The traditional method to determine the pulp characteristics involves the preparation of handsheets and the use of physical testing of the sheets. However, recently there has been a rapid development of devices for measuring the properties of fibers and pulp suspensions (Heikkurinen *et al.* 2009).

A widely-used indication of the pulp quality is freeness (Tervaskanto *et al. *2009), and this property is a measure of the rate at which a dilute suspension may be drained according to TAPPI T227 om-17 (2017). There are also literature reports that deal with the small particles in the pulp, such as fines and crill particles (and how this property is measured), and online measurements for strength calculations.

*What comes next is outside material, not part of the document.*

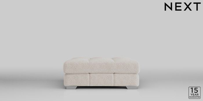 7.2.10 Brooke Deep Sit Footstool Chunky Chenille Oyster Square Angle - Chrome Metal | Made Click here to use our website with more accessibility support, for example screen readers
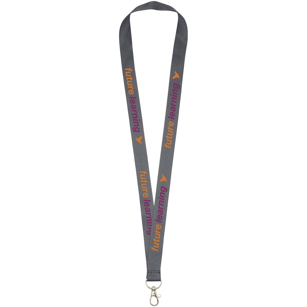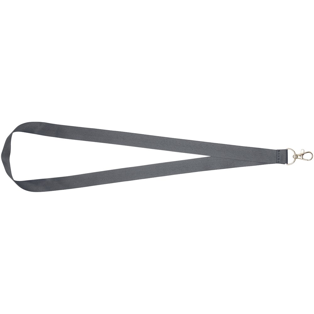 Instapmodel lanyard in een groot aantal kleuren. Heel veel waar voor uw geld en indrukwekkende logoruimte. Hoogwaardige ovalen haak met musketonsluiting, ideaal voor badge, ID-kaart of sleutels. Geen instelkosten voor tweede locatie bij identiek bedrukkingspatroon aan beide zijden.

According to TAPPI T261 cm-94 (1994), which outlines a standard method to measure the fines content of pulp for paper manufacture, the fines content is measured using a single-screen classifier. The pulp is characterized by dividing its content into particles labelled as ‘fibers’ and ‘fines’. A separation point of these two are the particles that pass through a round hole 76 µm in diameter or a 200-mesh screen as per the TAPPI T261 cm-94 (1994) standard. According to Odabas *et al. *(2016), the fines are a key issue in paper making, and their small size is the main property generating high specific surface area. The aforementioned study proposed the potential use of fines as a control variable to obtain desired paper properties. The fines are often split into fibrils, ray cells, and flake-like fines and the fibrillar material produced in mechanical pulping contributes to higher paper strength; the fine fibrillar material also leads to poor dewatering during the sheet-forming process. The fibrillar material produced during the pulping is also the fraction demonstrating the highest swelling in water (Odabas *et al. *2016).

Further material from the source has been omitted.